# Lost Creek Reservoir 7/26



## Skullanchor (Jul 29, 2008)

Hello, This is my first post. All this time i never realized the DWR forum went private after it disbanded. I went to lost creek with my kayak. I caught 6 fish during the day, i lost probably 4 more(one i seen and it was every bit the size of the one in the pictures). I'm new to kayak fishing (this was my maiden voyage) but i used my usual secret for success at lost creek, small line, small hook, and lime green power bait close to the bottom. I have to say i am "hooked" on kayak fishing, I caught the biggest rainbow i ever caught there. Every fish you catch feels like a whale and believe it or not its not that bad paddling against the wind in the afternoon. 

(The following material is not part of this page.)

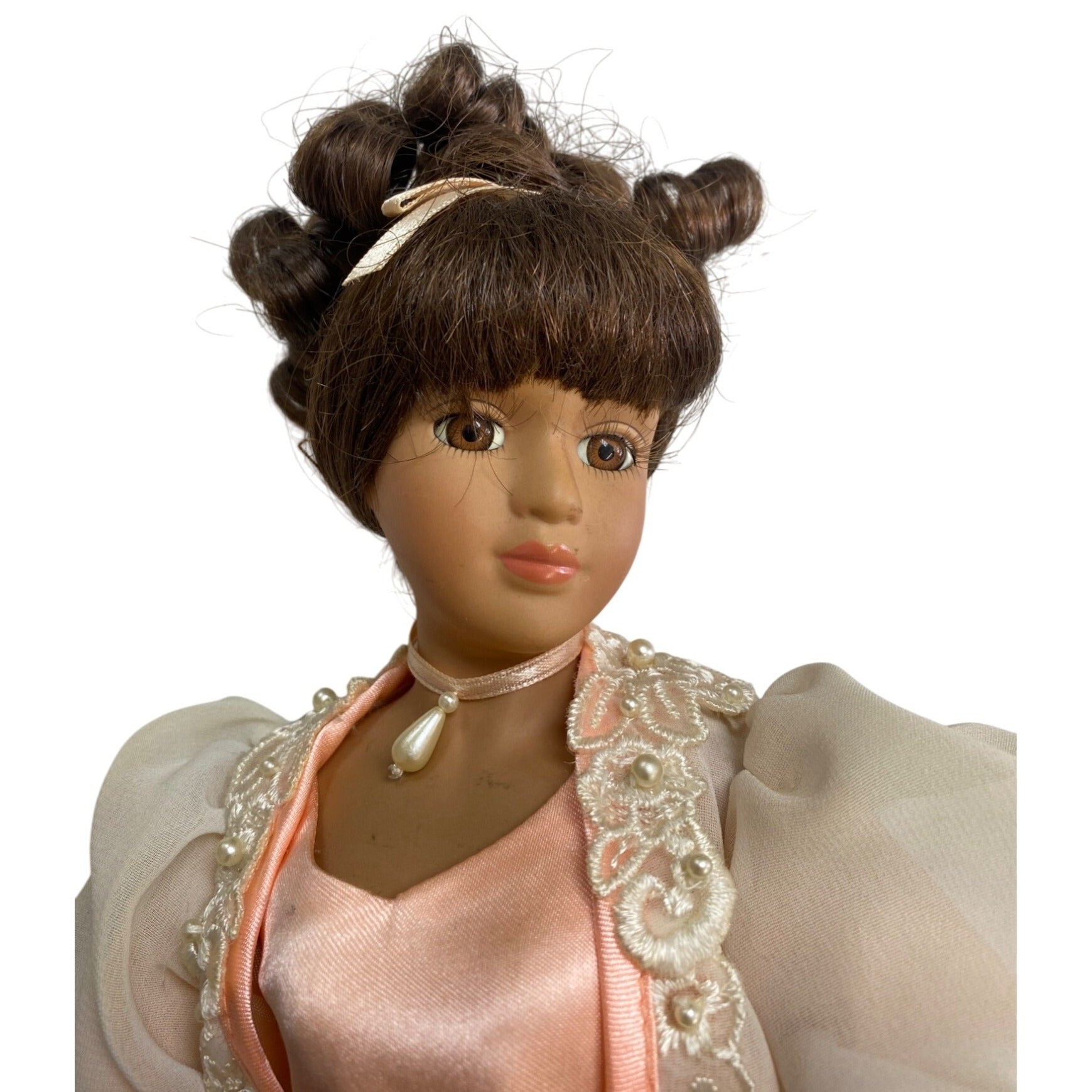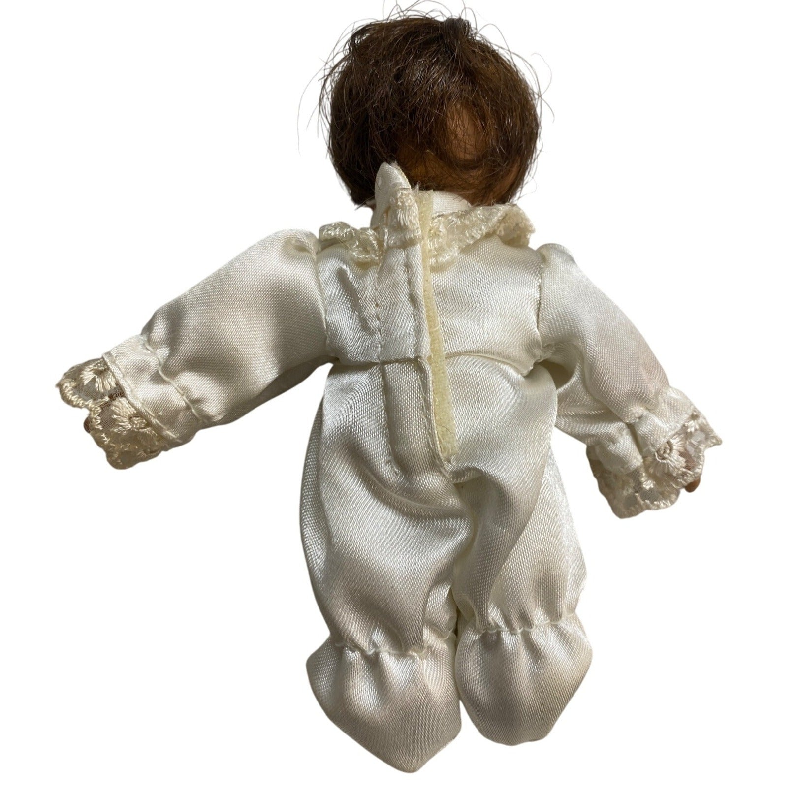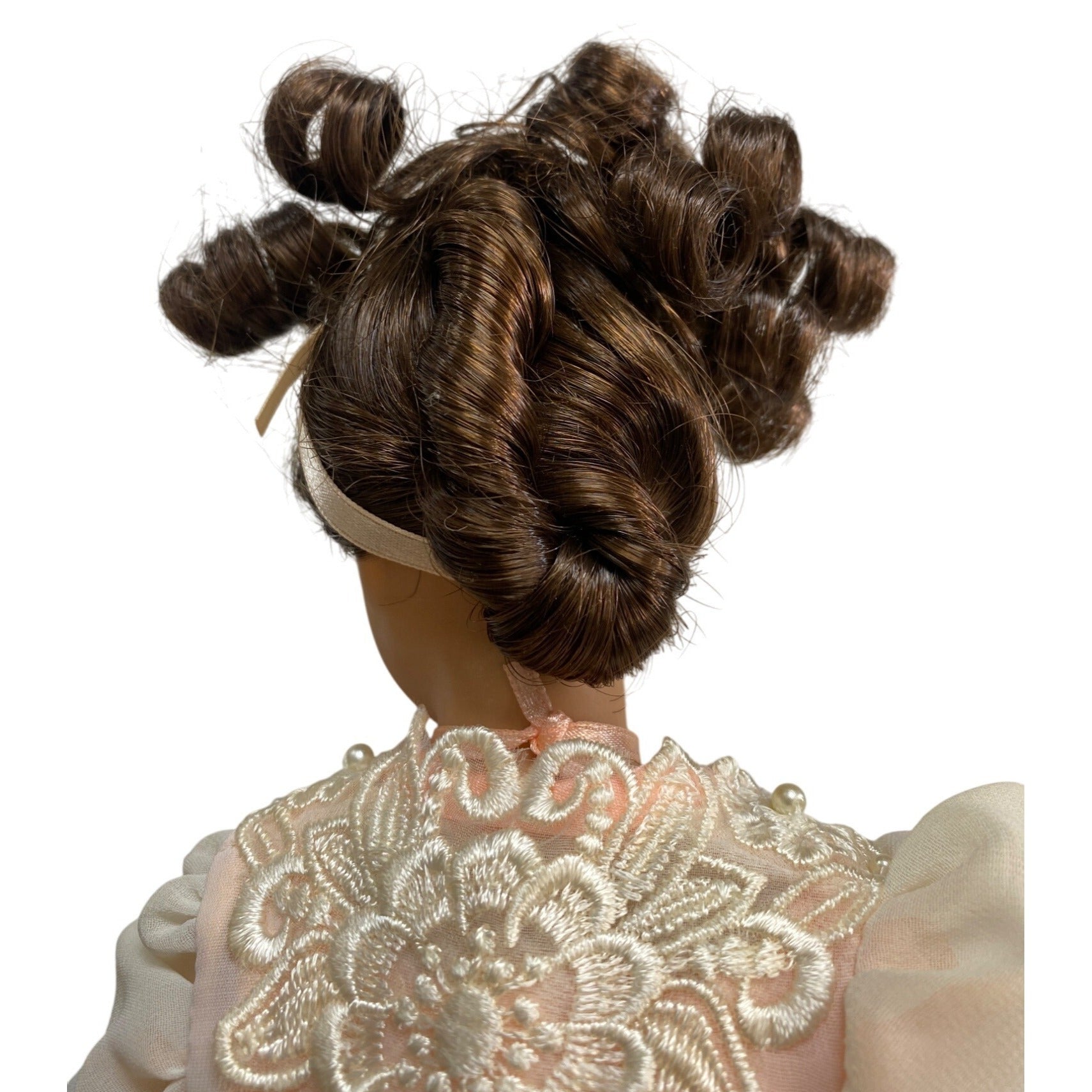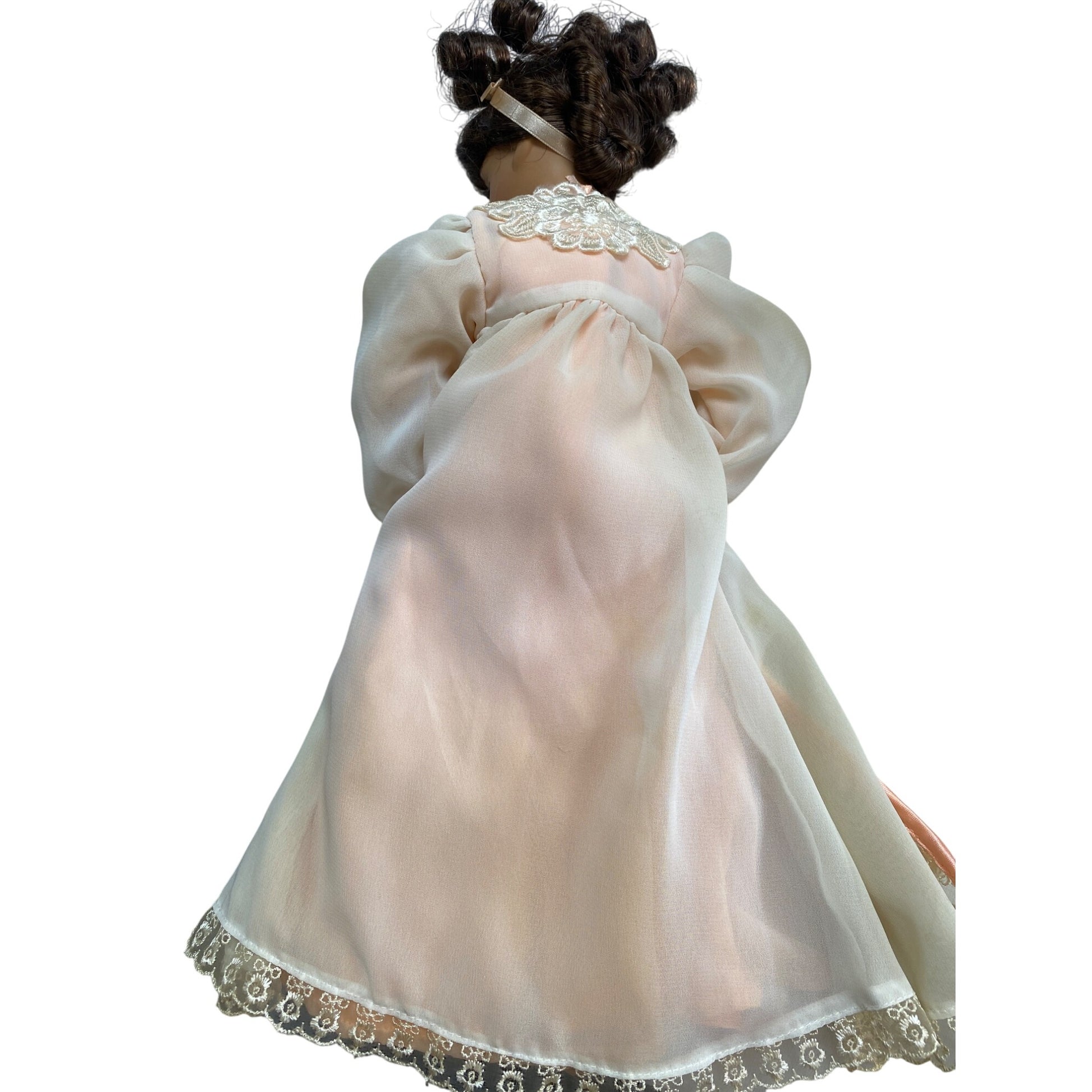 This vintage porcelain doll set exudes timeless elegance, featuring a mother and baby duo in delicate lace-trimmed attire. The included wooden rocking chair offers a charming display option, making it a cherished collectible that adds a touch of nostalgia to any home decor. Ideal for those who appreciate antique craftsmanship.

i was tossing them back, looking for a fine dinner till i landed this one and that ended my search. take care, and good luck fishin

-skullanchor


----------



## REPETER (Oct 3, 2007)

Wow that's a hog  Glad you found us. Welcome!


----------



## Skullanchor (Jul 29, 2008)

REPETER said:


> Wow that's a hog  Glad you found us. Welcome!


Thanks, Glad to be here


----------



## LOAH (Sep 29, 2007)

Wow, that's a chunky bow. Good catch.

Glad the kayak worked out for you.

BTW- Welcome to the forum! Thanks for posting.


----------



## orvis1 (Sep 7, 2007)

Thanks for the report! That was sure a healthy one you got there...


----------



## Grandpa D (Sep 7, 2007)

Good to see you found us.
Thanks for the trip report.
You may also want to take the kyack to Causey Reservoir.
It is also wakeless up there and the Kokanee are comming on right now.


----------



## Guns and Flies (Nov 7, 2007)

Nice fish! Welcome to the forum, thanks for sharing the picture, that is a great fish.


----------



## takemefishin (Sep 13, 2007)

Welcome to The Forum

Thank you for taking the time to post your fishing report i enjoyed reading it and i found it to be very helpful.


----------



## Skullanchor (Jul 29, 2008)

Thanks for the warm welcome all, I'll likely be heading up to causey this weekend. I wanted to go last sunday but i figured it would be crazy up there during the pioneer days weekend, not to mention my muscles were feeling it that day from lost creek haha.

Good luck everyone


----------



## Crash (Mar 20, 2008)

Welcome. Nice looking bow there. It is always nice to catch a hog like that.


----------



## luv2fsh&hnt (Sep 22, 2007)

I caught one up there earlier this year about the same length as yours but he was about twice as thick.He weighed in between 3-3 1/2 lbs on my cheap littlle spring scale.There are some real toads in that often overlooked fishing hole.Plus the wakeless rule is a huge bonus for fisherman.


----------